WHAT TO DO: Output the entries exactly. Start at the first line, finish with the line containing "Skull T Shirt", and omit the pictures.

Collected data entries
....

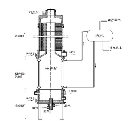氯气与氢气反应生成氯化氢时伴随释放出大量反应热,完全可以用来副产蒸汽。副产中压蒸汽合成炉在高温区段,使用钢制水冷壁炉筒;在合成段顶部和底部钢材容易受腐蚀的区段,采用石墨材料制作。采用这种方法既克服了石墨炉筒强度低和使用温度受限制的缺点,又克服了合成段的顶部和底部容易腐蚀的缺点,从而使氯化氢合成的热能利用率提高到70%,副产蒸汽压力可在0.2-1.4MPa间任意调节,可并入中、低压蒸汽网使用,使热能得到充分利用。
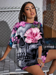 Skull T Shirt Women Flower T-shirts 3d Galaxy Summer Rock Funny T shirts
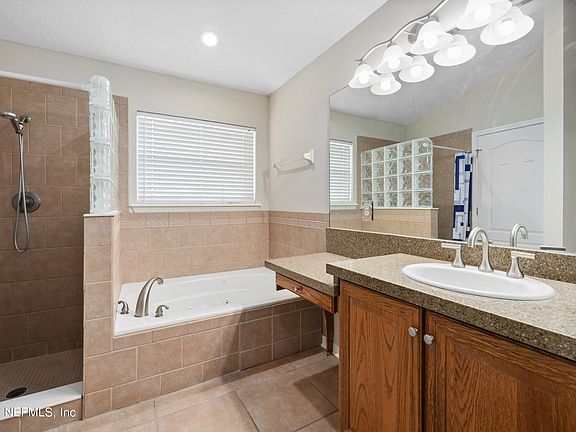 Just Listed: NO CDD & Low HOA & Walking Distance to A-RATED Chet's Creek Elementary! Beautiful Home on a CUL-De-SAC w ALL the Right Upgrades - Fresh Int/Ext Paint High Ceilings, 1yr Old HVAC & Newer Water Heater! Beautiful Wood Look Tile & TONS of Windows! $25K in Recent Improvements! Spacious Formal Dining Space. DBL Doors to Private Office/Flex Rm w Classy Wainscoting. Formal Dining Room & Open & Inviting Living Area w Plenty of Natural Light! Gorgeous Kitchen w Large Island/Breakfast Bar, Warm Wood Cabinetry & Attractive Appliances- Brand New Range! Breakfast Nook w Stunning Tile Accents! Relaxing Owners Bedroom w NEW Beautiful LVP Floors & Sliding Doors to The Lovely fully fenced in Backyard! En Suite w GARDEN TUB & Separate Shower! Step Outside Onto the HUGE Covered Lanai w NEW Pavers - Great Spot to Enjoy the Gorgeous Florida Weather! Fully Fenced Backyard-Tons of Space to Play! Quiet Neighborhood w Pool & Playground! Close to The Beach, Shopping & Dining & St Johns Town Center!
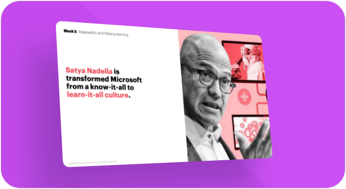 Block 2 Adaptability and lifelong learning Satya Nadella is transformed Microsoft from a know-it-all to learn-it-all culture. Copyright © 2020 Accenture. All rightsreserved.
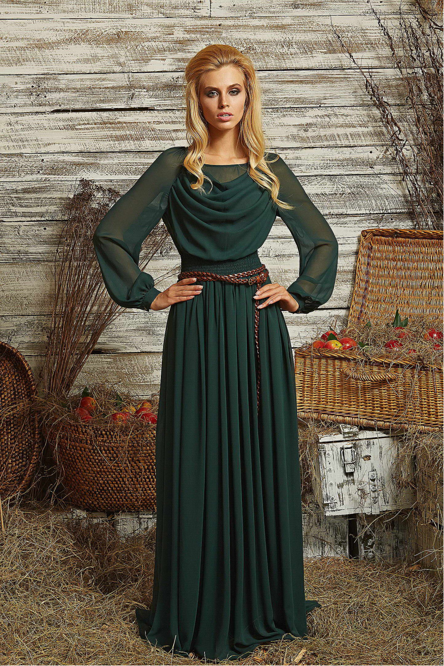 Тренд этого сезона – платья из шифона. Дизайнеры всего мира с удовольствие выбирают эту ткань для своих коллекций. Изящное, благородное и утончённое платье в пол, выполнено из изумрудного шифона. Модель с длинным, втачным рукавом. По переду располагается оригинальна драпировка в виде «качели». Сзади на спинке располагается изящный вырез, который может быть оформлен небольшим бантом. Изысканным дополнением служит съёмный кожаный ремешок.

....

RESULT OF THIS EXERCISE:
氯气与氢气反应生成氯化氢时伴随释放出大量反应热,完全可以用来副产蒸汽。副产中压蒸汽合成炉在高温区段,使用钢制水冷壁炉筒;在合成段顶部和底部钢材容易受腐蚀的区段,采用石墨材料制作。采用这种方法既克服了石墨炉筒强度低和使用温度受限制的缺点,又克服了合成段的顶部和底部容易腐蚀的缺点,从而使氯化氢合成的热能利用率提高到70%,副产蒸汽压力可在0.2-1.4MPa间任意调节,可并入中、低压蒸汽网使用,使热能得到充分利用。
 Skull T Shirt Women Flower T-shirts 3d Galaxy Summer Rock Funny T shirts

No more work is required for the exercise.